On 11/21/2014 01:06 PM, Andres Freund wrote:
> On 2014-11-21 13:01:50 +0200, Heikki Linnakangas wrote:
>> On 11/21/2014 12:11 PM, Abhijit Menon-Sen wrote:
>>> At 2014-11-20 13:47:00 +0530, ams@2ndQuadrant.com wrote:
>>>>
>>>>> Suggestions for how to address (b) are welcome.
>>>
>>> With help from Andres, I set up a workload where XLogInsert* was at the
>>> top of my profiles: server with fsync and synchronous_commit off, and
>>> pgbench running a multiple-row insert into a single-text-column table
>>> with -M prepared -c 25 -t 250000 -f script.
>>
>> How wide is the row, in terms of bytes? You should see bigger improvement
>> with wider rows, as you get longer contiguous chunks of data to CRC that
>> way. With very narrow rows, you might not see much difference because the
>> chunks are so small.
>
> The primary goal, as I understood it, was to test very short records to
> test whether there's a regression due to slice-by-8. There doesn't seem
> to be any.
Ah, OK. Mission accomplished, then.
> It's, IIRC, trivial to reproduce significant performance benefits in
> workloads with lots of FPWs or large records (like COPY), but those
> weren't what you and Tom were concerned about...
Yeah.
>> If that's the problem, it might be beneficial to memcpy() all the data to a
>> temporary buffer, and calculate the CRC over the whole, instead of CRC'ing
>> each XLogRecData chunk separately.
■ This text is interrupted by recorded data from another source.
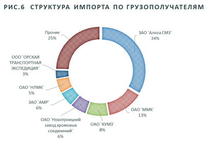 Крупнейшим грузополучателем импортных поставок (рис.6) в 2014 году стало ЗАО «Алкоа СМЗ» (43% от общего объема импорта), на втором месте ОАО «ММК» (13%), на третьем месте ОАО «КУМЗ» (8%).
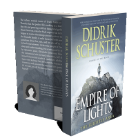 “A person stands atop a rocky peak, surrounded by clouds, underneath the title "Empire of Lights."”
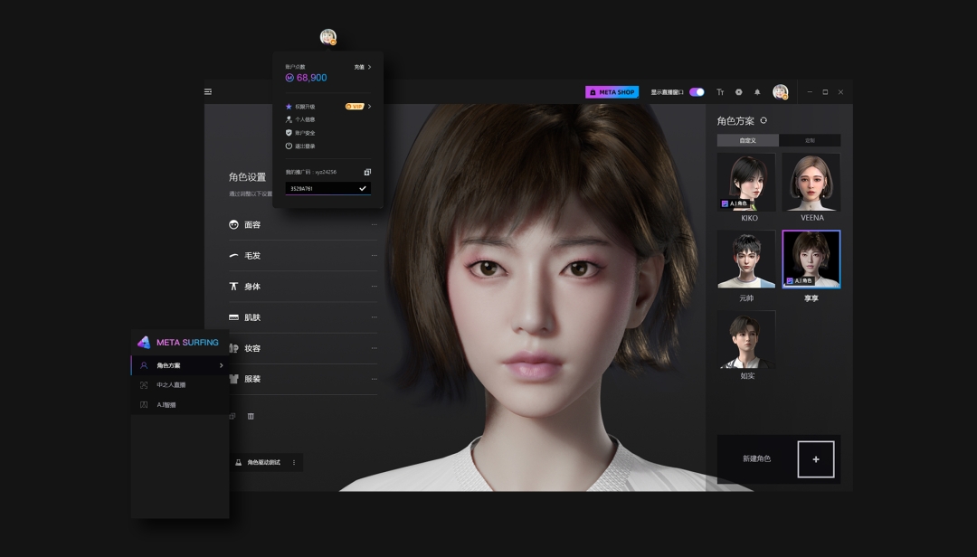 - 数字人生成:元享为用户提供捏脸系统,可以帮助用户快速生成自己想要的角色。该系统拥有“细致捏脸”、“融合模式”、“雕刻模式”等三种,支持全身300余种参数的设置,可对形体、纹理、材质、颜色等不同维度进行调整,让数字人物更加真实、生动、自然。同时,按区域进行捏脸的雕刻模式以及可将不同的3D模型进行不同权重进行融合的融合模式,将帮助用户快速产出数字人,从而得到更加贴近个人需求的创作结果。
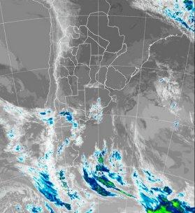 En la foto de satélite no se destacan nubes de importancia a gran escala. En el extremo sur de la Patagonia, la situación es más inestable, donde desde hace varias jornadas se nota una continua sucesión de perturbaciones que provocan lluvias débiles que alternan con mejoramientos temporarios. Algo de nubosidad se presenta en el sudoeste de BA, mientras que sobre el sudeste las densas nieblas, por sectores lloviznas, impiden ver el cielo. En el resto del país prevalecen cielos despejados o con alguna cobertura parcial. La escala de los grises de sur a norte, denota el posicionamiento de distintas masas de aire caracterizadas por su temperatura.
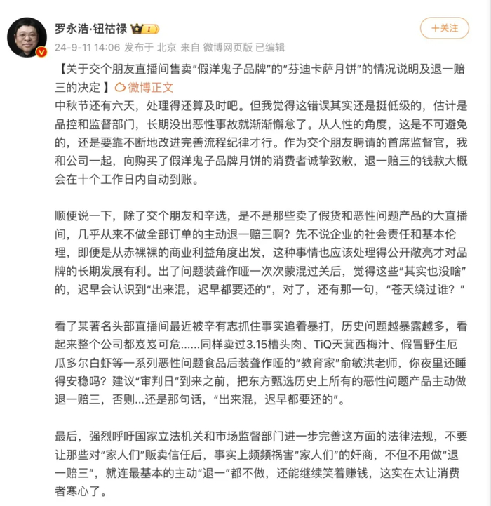当天下午,罗永浩在其个人微博发文就售卖“假洋品牌”的“芬迪卡萨月饼”的情况作出说明,并诚挚道歉,表示“将会退一赔三”。
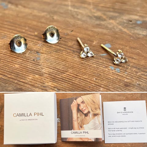 Camilla Pihl 925 sølv gullbelagt ørepynt med krystall -som nytt
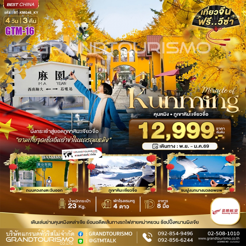 ทัวร์จีน คุนหมิง ภูเขาหิมะเจียวจื่อ เขาซีซาน เขี่อนไห่เกิง ทะเลสาบชุ่ยหู ถนนต้นแปะก๊วยเหวินหลิน 4วัน3คืน พ.ย.68-ม.ค.69
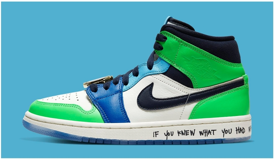 바로 이제품 조던1 미드 멜로니 에샤니 제품입니다. 진짜 영롱하다 라는 말이 딱맞는 제품인 것 같습니다. 이제품은 멜로니 에샤니 라는 쥬얼리 디자이너와 협업을 한 모델이라서 이름에 멜로디 에샤니 라는 이름이 붙었습니다. 이제품의 정식 명칭은 에어 조던 1미드 피어리스 멜로디 에샤니 입니다. 발매일은 2019년 11월 15일 입니다. 발매가는 한국기준 159000원에 발매가 되었습니다.
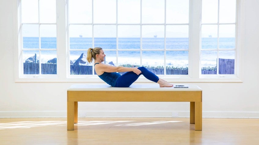 If this does not feel easy, write it down. All right? Hopefully it feels okay. But some of you, this might not feel easy. It'll feel easier as you do your pull audience practice. So here we go. First part to move, it's your pelvis and I want you to think of rolling your hips and your whole pelvis back away from your legs. You're going to roll kind of over your, your bottom and into your low back region until your arms are street.
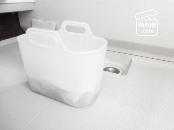 そんなばけつにも代用可能なものはいくつかあるのだけれど、この廃番ばけつが便利なのは片手で持って移動しやすいかご型であることと、洗濯槽にすっぽり収まるサイズであること。
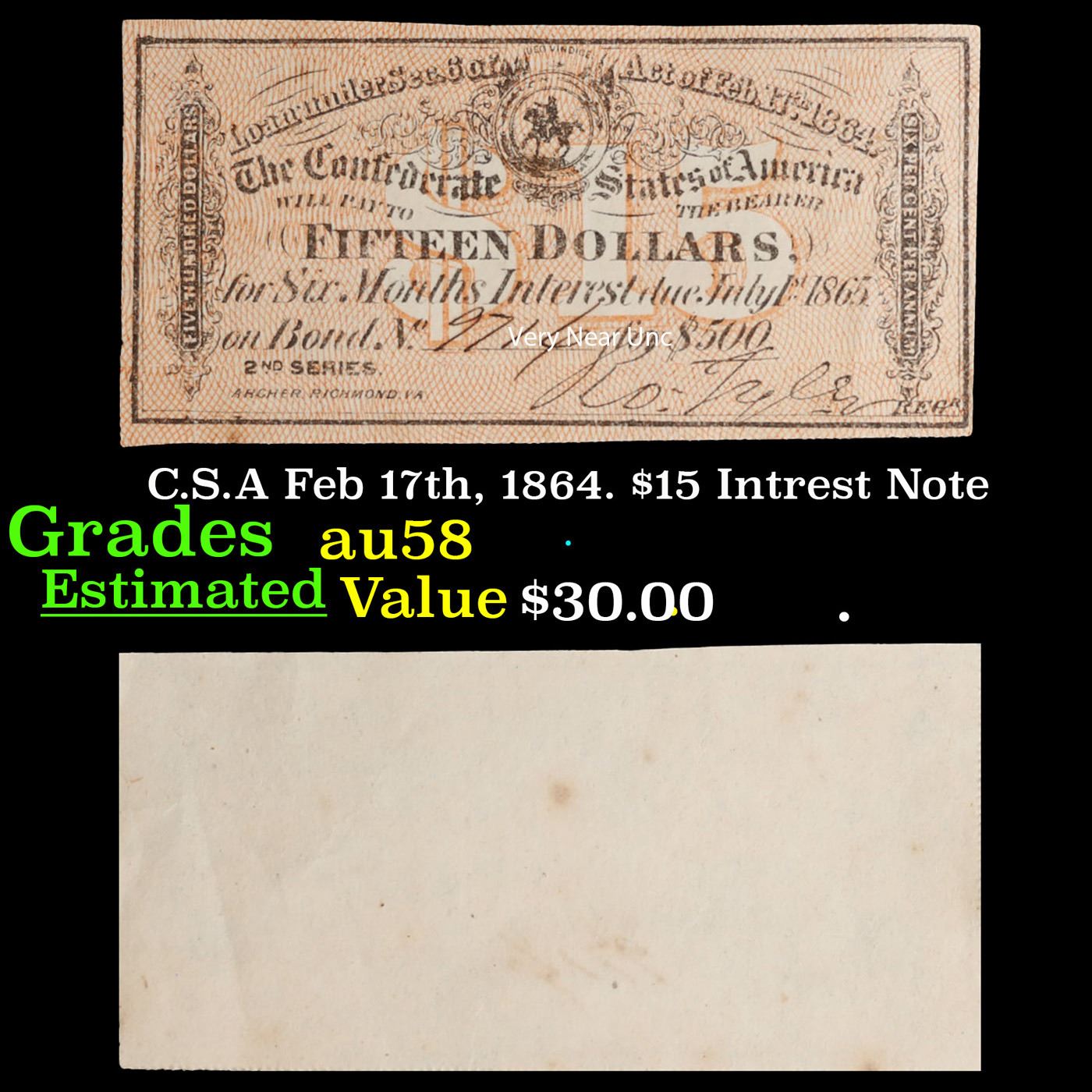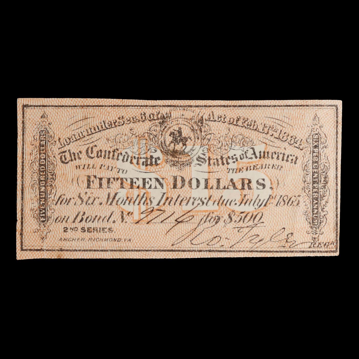 C.S.A Feb 17th, 1864. $15 Intrest Note Grades Choice AU/BU Slider

XLogRecordAssemble() uses a scratch area,
>> hdr_scratch, for building all the headers. You could check how much
>> rmgr-specific data there is, and if there isn't much, just append the data
>> to that scratch area too.
>
> I think that might very well make sense - but it's imo something better
> done separately from the smarter CRC algorithm.
Agreed.
- Heikki